Hey Marc, great hearing from you. I had a Phantom II back in 2012 which I found very challenging to fly. Current DJI technology in the Mavic Pro and the Phantom 4 is amazing. I was super nervous expecting to have to be an actual pilot simultaneously aware of wind conditions, obstructions, yaw, pitch, roll, and still have a bit left for the camera. The new aircraft are incredibly stable and simple to operate. I was planning to spend a week really learning the thing — essentially treating it like work needed to be invested in return to get some interesting pictures. Not the case at all. We were flying over water on the second flight. I’m still nervous landing in tight places but these systems are super stable when everything is operating as it should. I expect a sensor failure could still fairly quickly lead to splashed aircraft.
You’ll love your Phantom 4 and will get used to it quickly. I wish we had one when we were in Alaska.
I will share with you some of the drone pictures I will make this summer. Lituya Bay should be a spectacular place for making drone pictures. Wishing you a safe Atlantic crossing.
Hiya Mark! We got underway at 4:00am this morning out of Newport and, if the weather isn’t bad, expect to be in Ireland in 19 days.
Have fun on your trip to Alaska.
James – if you want to start thinking about drone flying when you get to our side of the pond here are some tips:
* Rules in the UK: https://www.caa.co.uk/Consumers/Model-aircraft-and-drones/Flying-drones/
* Rules in Ireland: https://www.iaa.ie/general-aviation/drones
* Insurance = if your current public liability insurance for the drone won’t cover you over here there is a very affordable solution (which is what I use):- https://www.bmfa.org/Insurance/Insurance-FAQs
I always hand launch and catch when flying from the boat. I use prop guards to try and protect myself – easy on my Phantom III but I don’t know if they are available for the Mavic.
Looking forward to seeing your footage of Dirona along the Irish coast!
Michael, thanks very much for the useful links. Much appreciated.

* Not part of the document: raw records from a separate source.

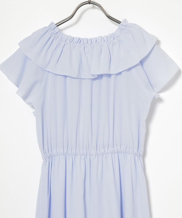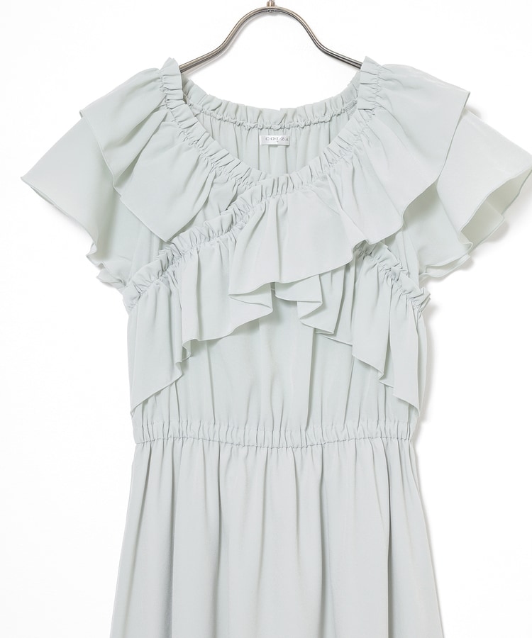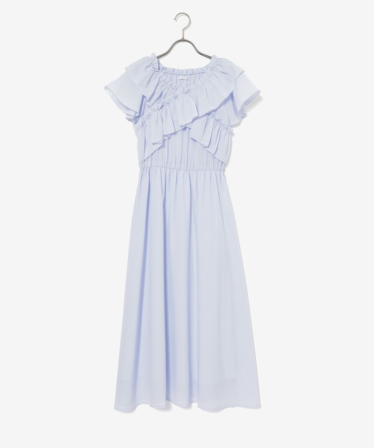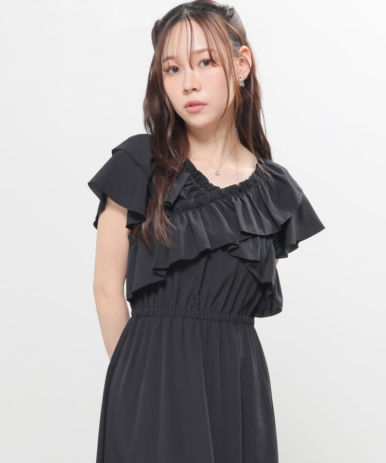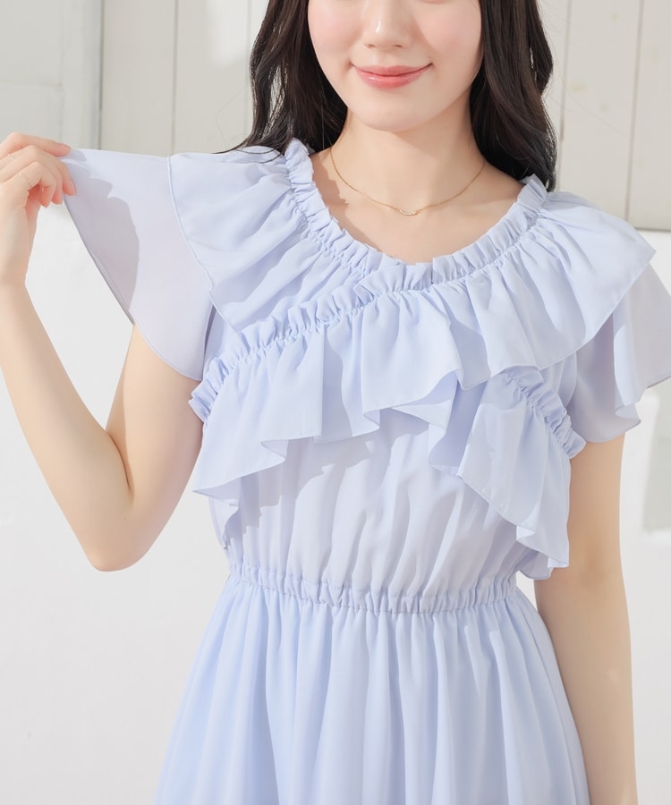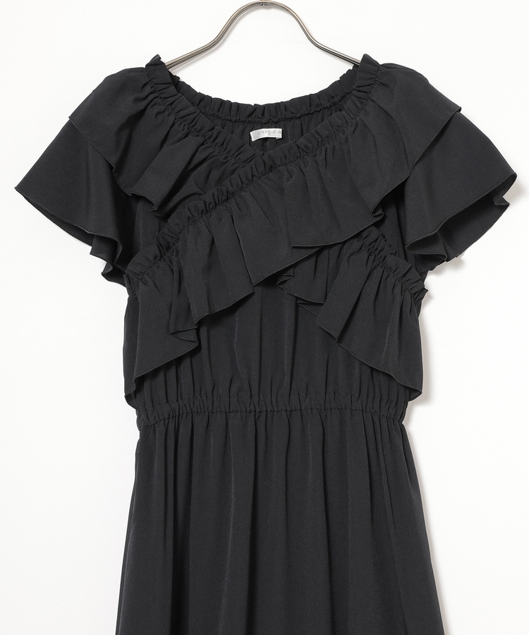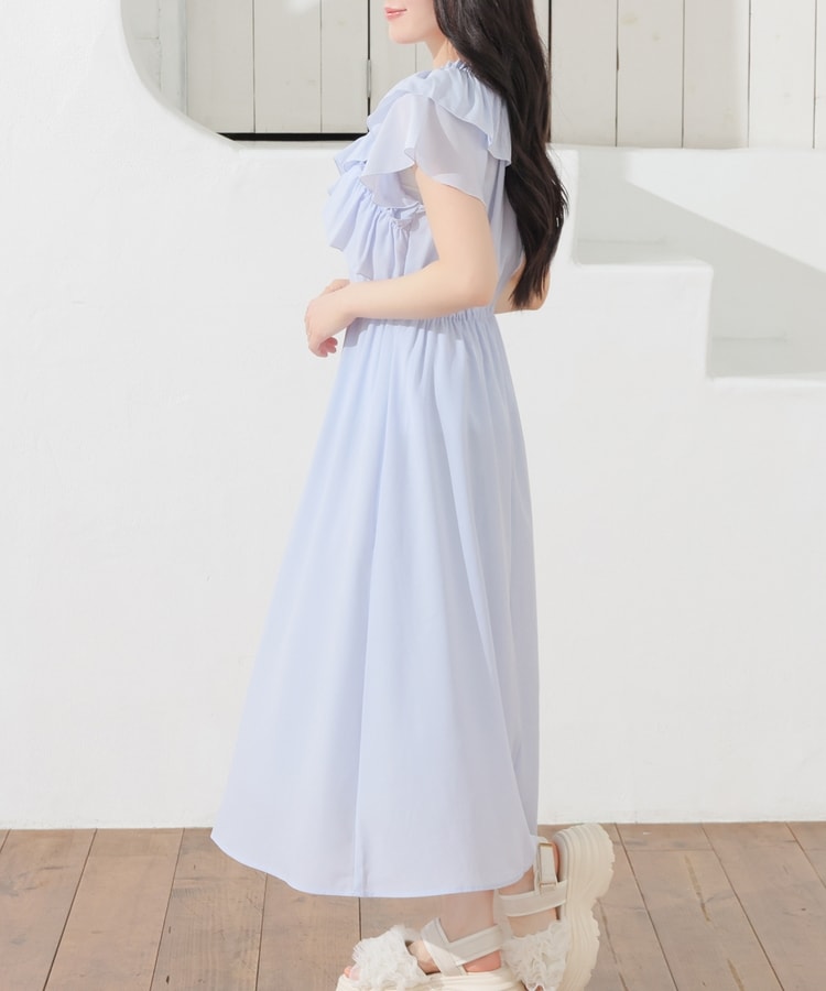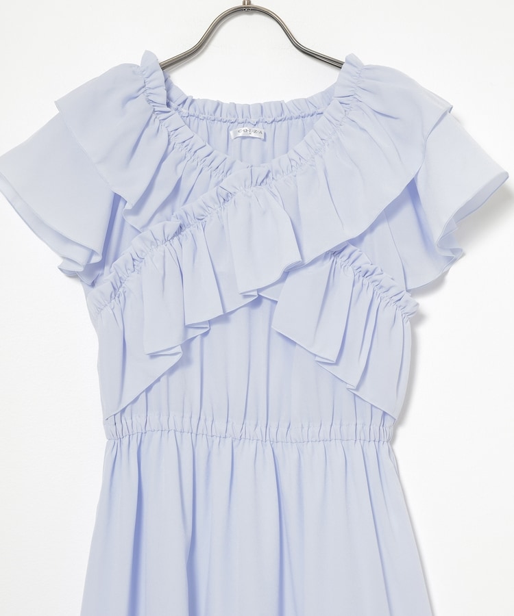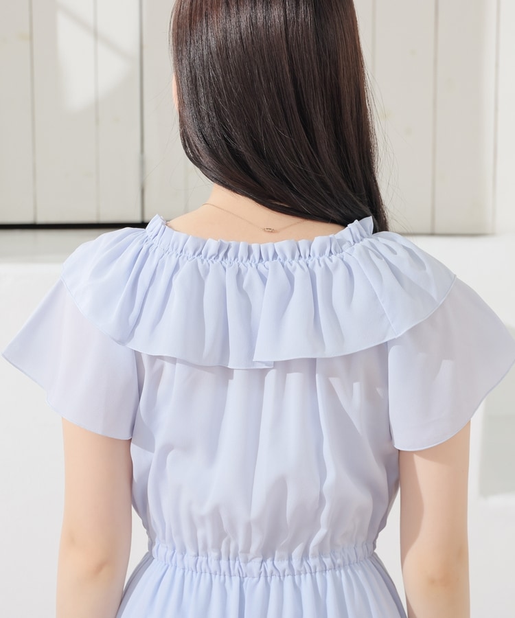 デコルテを綺麗に見せるVネックに、クロスしたたっぷりフリルが華やかでガーリーなデザイン。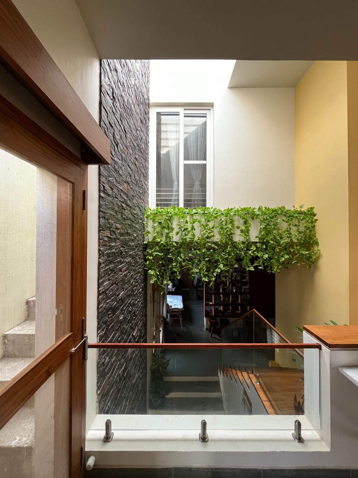 Material decisions reinforce this conceptual clarity. A restrained palette emphasizes thermal performance and tactile comfort. Kota stone flooring moderates interior temperature, while exposed surfaces allow light to articulate depth and proportion. Natural stone cladding is introduced along the core of the double-height skylight, grounding the vertical volume and providing visual weight that anchors its scale. This material articulation prevents the central void from reading as a narrow shaft, instead establishing it as a defined spatial element within the house. Cascading vegetation is integrated into the void, softening vertical scale and introducing seasonal change into the interior atmosphere.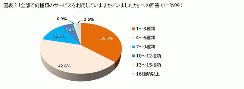 次は過去を含め利用経験がある人に、使っている/使っていたサービスの数をたずねてみました(図表3)。42.8%と最も多かったのが「4~6種類」、これに「1~3種類」が36.0%と6.8ポイント差で続きました。対して「7~9種類」12.3%、「10~12種類」5.4%、「13種類以上」計3.5%と、7種類以上は全体の2割強にとどまる結果に。“何でも”というより、“厳選・集約して、効率よく”ポイントを集めている人が多いようです。
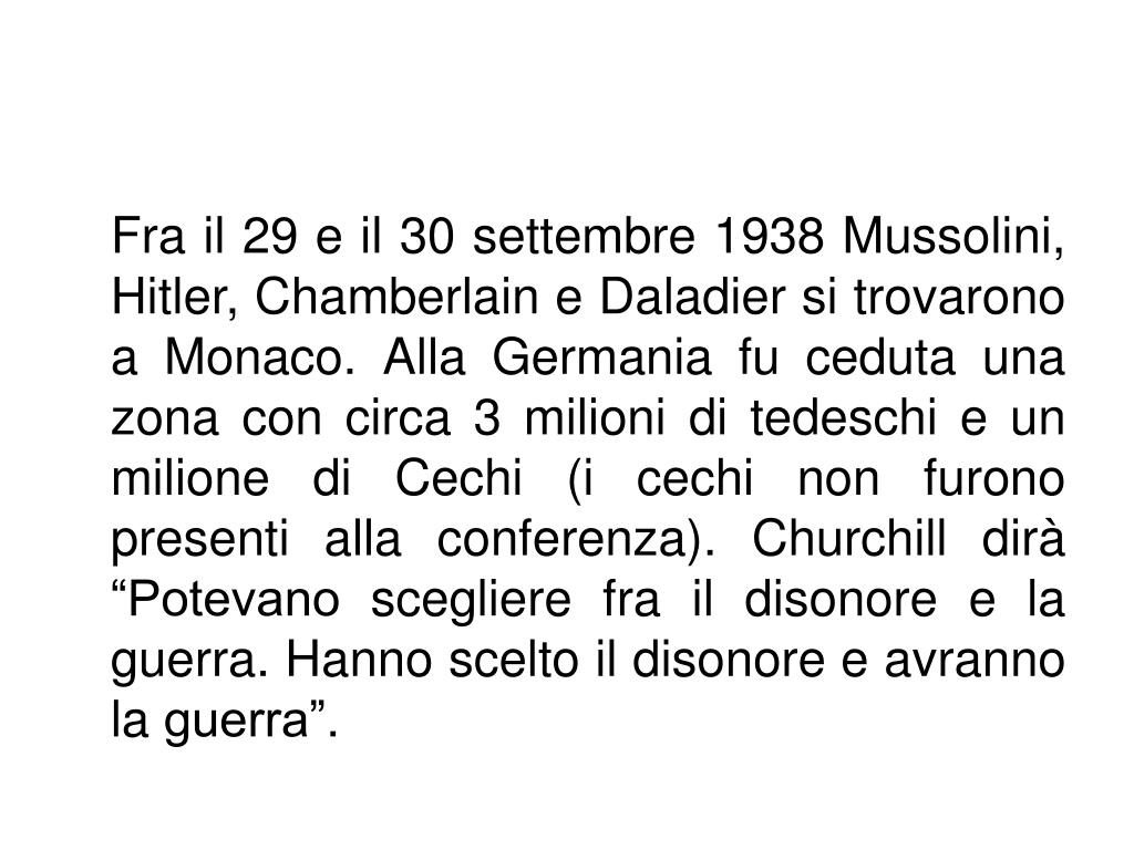 Fra il 29 e il 30 settembre 1938 Mussolini, Hitler, Chamberlain e Daladier si trovarono a Monaco. Alla Germania fu ceduta una zona con circa 3 milioni di tedeschi e un milione di Cechi (i cechi non furono presenti alla conferenza). Churchill dirà “Potevano scegliere fra il disonore e la guerra. Hanno scelto il disonore e avranno la guerra”.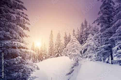Fototapeta premium Misty winter landscape with snowy spruces on a frosty day.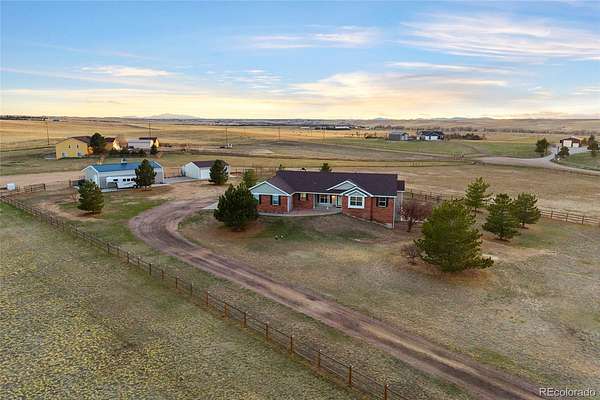 Classy brick home on 6 acre horse property with all paved roads, fiber-internet and only 20 minutes to shopping, restaurants & entertainment. This 4 bedroom, 3 bathroom, Ranch Style home includes a fully self-sufficient apartment with private entrance. The main level has an open floorplan with hardwood floors, vaulted ceilings and beautiful Mountain Views! The kitchen boasts a walk-in pantry and was recently updated with new, soft close cabinetry with under-cabinet lighting, granite countertops and a double oven with 6 burner gas cooktop. The Primary Bath was also remodeled in 2025. The walkout basement offers a large game room, private office, lots of storage space and a beautiful apartment. The natural lighting, built-in entertainment center, 2nd kitchen, laundry, bathroom and private bedroom with a large, organized, walk-in closet makes this basement a great Guest House. Your horses will enjoy the clean, 3 stall barn with stall mats, turnouts, tack room, plus 2 large corrals, a 48 ft. round pen and a large open pasture. There is 15x15 pen for your smaller friends and an 8x10 Chicken coop, complete with chickens. Mature Pine & Apple trees and a vegetable garden. All fenced with split rail posts & 2x4 wire. The additional 30x24 ft. detached garage has plenty of room for your toys and makes a great workshop. New carpet and hardwood floors throughout the entire house in last four years. High-quality exterior painting comes with a transferable warranty. Come enjoy the breathtaking sunsets, fresh air and short commute to country living. The Priefert panels, round pen, saddle racks, chicken coop, mud room seat, basement microwave, refrigerator & washer & dryer are all included and the seller is offering a $20,000 credit to the buyer at closing towards landscaping or interest rate buy down.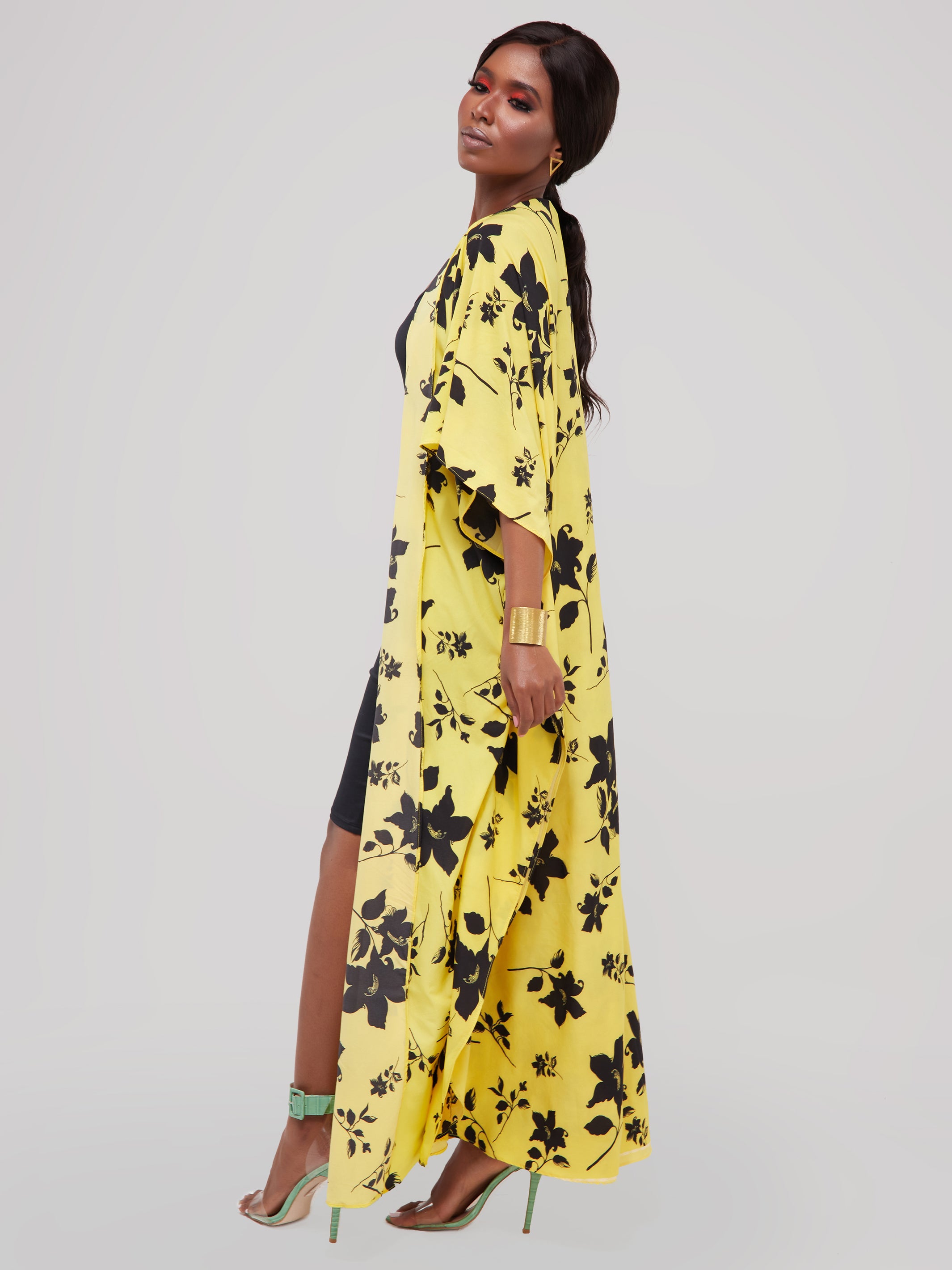 Safari Maisha Maxi Kimono Cover-Up - Yellow Floral Print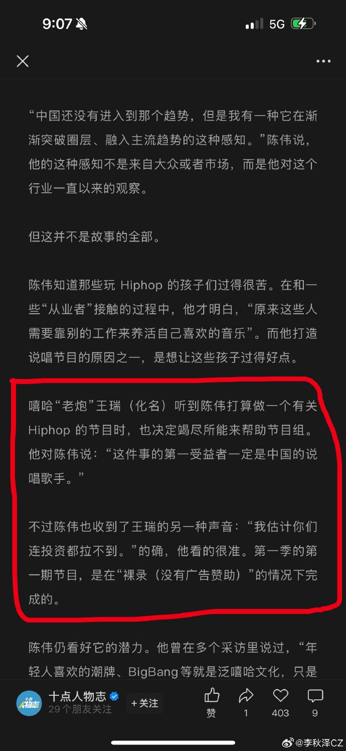 但李秋泽发现,大部分关于嘻哈的内容是他告诉节目组的。

The Phantoms have a fairly large base that allows hand capture whereas the Mavic only has the airplane body a few inches below the props to grab. The upside of the Mavic is it’s portable and folds small enough that it’s easy to transport. The downside is there isn’t much to grab. Prop guards are available for it but, to grab the body when flying, you would need to reach up from below, inside the prop guards, and the body is only a couple of inches below the plane of the props. So far landing on the boat deck seems tight but workable. When we were testing, winds were around 8 with gusts to 15 and the plane did move around a bit but it seemed workable.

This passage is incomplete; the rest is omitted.